Print only the lines below from the one with "校友代表賀業敏和教師代表陳巖" to the one with "The order took", both included, exactly as they stand. Leave pictures out.

◆ **RECORD SET**:

==============================

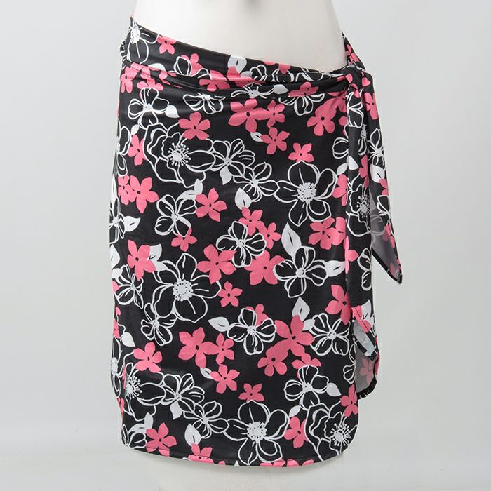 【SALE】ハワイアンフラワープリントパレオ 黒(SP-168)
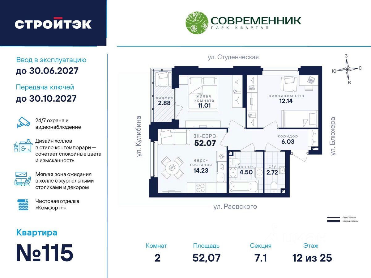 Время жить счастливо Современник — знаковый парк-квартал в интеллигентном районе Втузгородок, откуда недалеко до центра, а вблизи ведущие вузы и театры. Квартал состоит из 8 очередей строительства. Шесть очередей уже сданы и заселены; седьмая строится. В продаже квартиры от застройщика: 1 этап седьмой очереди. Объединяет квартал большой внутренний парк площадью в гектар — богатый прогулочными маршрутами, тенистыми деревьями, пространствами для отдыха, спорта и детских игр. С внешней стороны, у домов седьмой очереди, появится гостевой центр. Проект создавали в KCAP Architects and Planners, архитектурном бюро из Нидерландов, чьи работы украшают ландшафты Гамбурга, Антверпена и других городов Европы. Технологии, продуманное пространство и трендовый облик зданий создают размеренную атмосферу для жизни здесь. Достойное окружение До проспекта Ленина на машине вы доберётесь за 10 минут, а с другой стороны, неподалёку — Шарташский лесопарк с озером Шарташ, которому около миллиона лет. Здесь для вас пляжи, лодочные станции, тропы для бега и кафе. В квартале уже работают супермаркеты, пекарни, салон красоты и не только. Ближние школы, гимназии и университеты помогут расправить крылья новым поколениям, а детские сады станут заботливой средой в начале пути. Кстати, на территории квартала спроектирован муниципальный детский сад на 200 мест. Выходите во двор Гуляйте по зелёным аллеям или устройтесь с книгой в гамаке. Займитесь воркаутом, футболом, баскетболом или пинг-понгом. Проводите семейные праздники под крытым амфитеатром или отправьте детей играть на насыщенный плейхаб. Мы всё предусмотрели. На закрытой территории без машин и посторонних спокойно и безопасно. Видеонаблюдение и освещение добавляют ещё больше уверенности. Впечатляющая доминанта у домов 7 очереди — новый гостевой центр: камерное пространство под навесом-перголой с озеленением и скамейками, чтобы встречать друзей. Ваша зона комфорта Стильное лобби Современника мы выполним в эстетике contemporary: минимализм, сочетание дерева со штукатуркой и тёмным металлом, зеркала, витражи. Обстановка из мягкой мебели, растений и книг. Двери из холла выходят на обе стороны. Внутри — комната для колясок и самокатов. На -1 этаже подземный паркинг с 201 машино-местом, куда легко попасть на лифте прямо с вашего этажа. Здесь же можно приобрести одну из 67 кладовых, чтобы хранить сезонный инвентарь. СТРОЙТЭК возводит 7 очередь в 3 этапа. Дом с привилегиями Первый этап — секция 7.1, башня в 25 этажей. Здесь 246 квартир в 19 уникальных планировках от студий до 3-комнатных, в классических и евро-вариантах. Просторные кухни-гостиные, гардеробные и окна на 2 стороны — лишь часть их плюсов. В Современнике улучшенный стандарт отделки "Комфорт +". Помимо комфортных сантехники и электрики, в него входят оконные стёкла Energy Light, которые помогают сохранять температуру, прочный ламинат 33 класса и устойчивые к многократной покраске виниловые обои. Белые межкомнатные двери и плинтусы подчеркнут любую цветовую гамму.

==============================

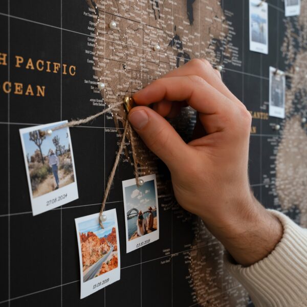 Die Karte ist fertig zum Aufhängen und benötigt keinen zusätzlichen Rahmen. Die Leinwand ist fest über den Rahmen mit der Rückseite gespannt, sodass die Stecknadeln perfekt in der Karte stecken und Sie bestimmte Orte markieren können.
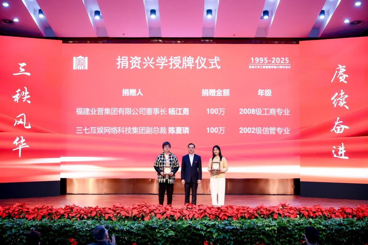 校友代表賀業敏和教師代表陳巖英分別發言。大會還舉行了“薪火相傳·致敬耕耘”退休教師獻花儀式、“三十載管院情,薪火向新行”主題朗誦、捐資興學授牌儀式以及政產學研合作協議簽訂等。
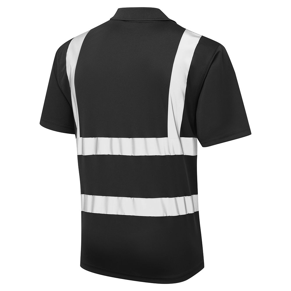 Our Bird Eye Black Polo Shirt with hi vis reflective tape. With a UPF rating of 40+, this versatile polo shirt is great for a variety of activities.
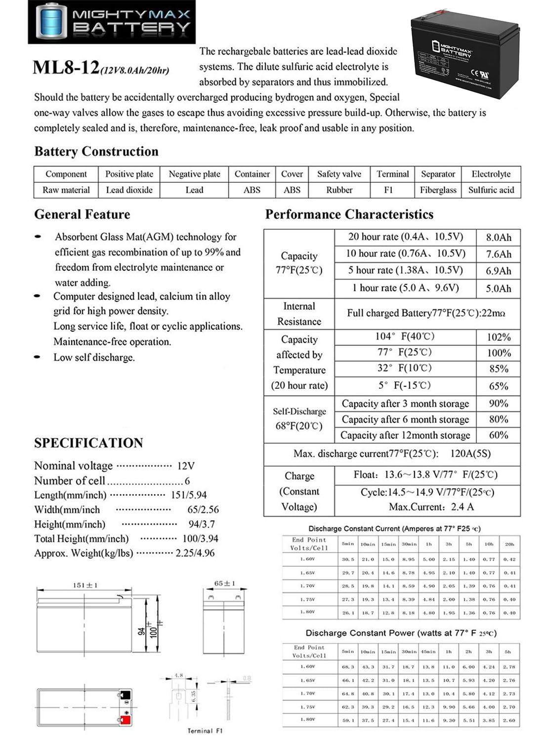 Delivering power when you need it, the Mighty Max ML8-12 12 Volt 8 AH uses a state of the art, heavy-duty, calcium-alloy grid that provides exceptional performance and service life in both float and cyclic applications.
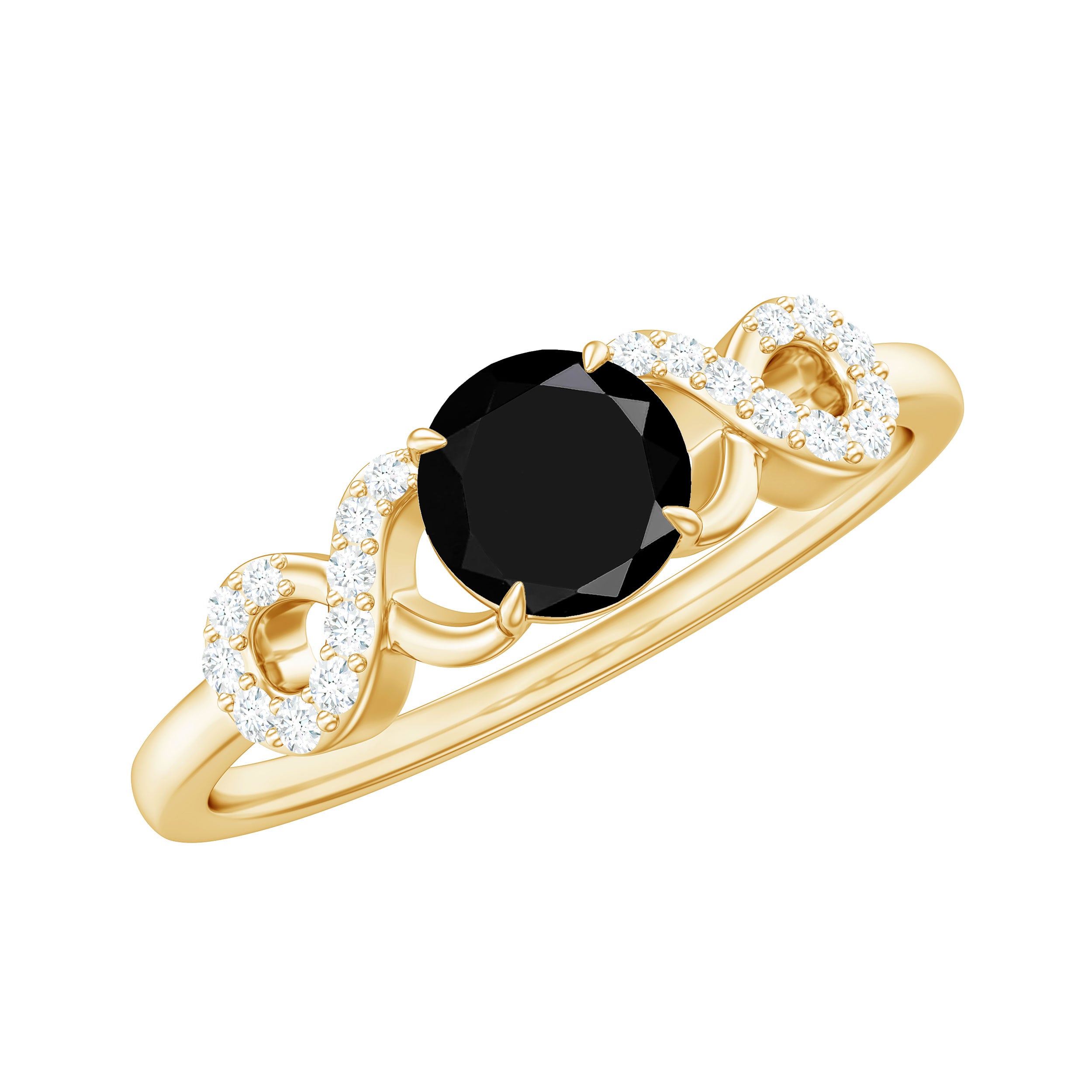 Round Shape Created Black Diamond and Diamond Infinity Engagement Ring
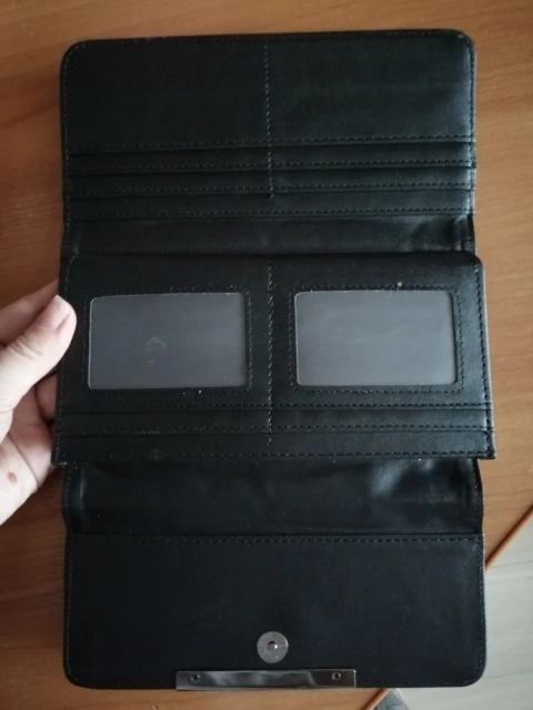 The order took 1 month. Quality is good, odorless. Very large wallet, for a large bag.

==============================

◆ **EXERCISE SOLUTION**:
 校友代表賀業敏和教師代表陳巖英分別發言。大會還舉行了“薪火相傳·致敬耕耘”退休教師獻花儀式、“三十載管院情,薪火向新行”主題朗誦、捐資興學授牌儀式以及政產學研合作協議簽訂等。
 Our Bird Eye Black Polo Shirt with hi vis reflective tape. With a UPF rating of 40+, this versatile polo shirt is great for a variety of activities.
 Delivering power when you need it, the Mighty Max ML8-12 12 Volt 8 AH uses a state of the art, heavy-duty, calcium-alloy grid that provides exceptional performance and service life in both float and cyclic applications.
 Round Shape Created Black Diamond and Diamond Infinity Engagement Ring
 The order took 1 month. Quality is good, odorless. Very large wallet, for a large bag.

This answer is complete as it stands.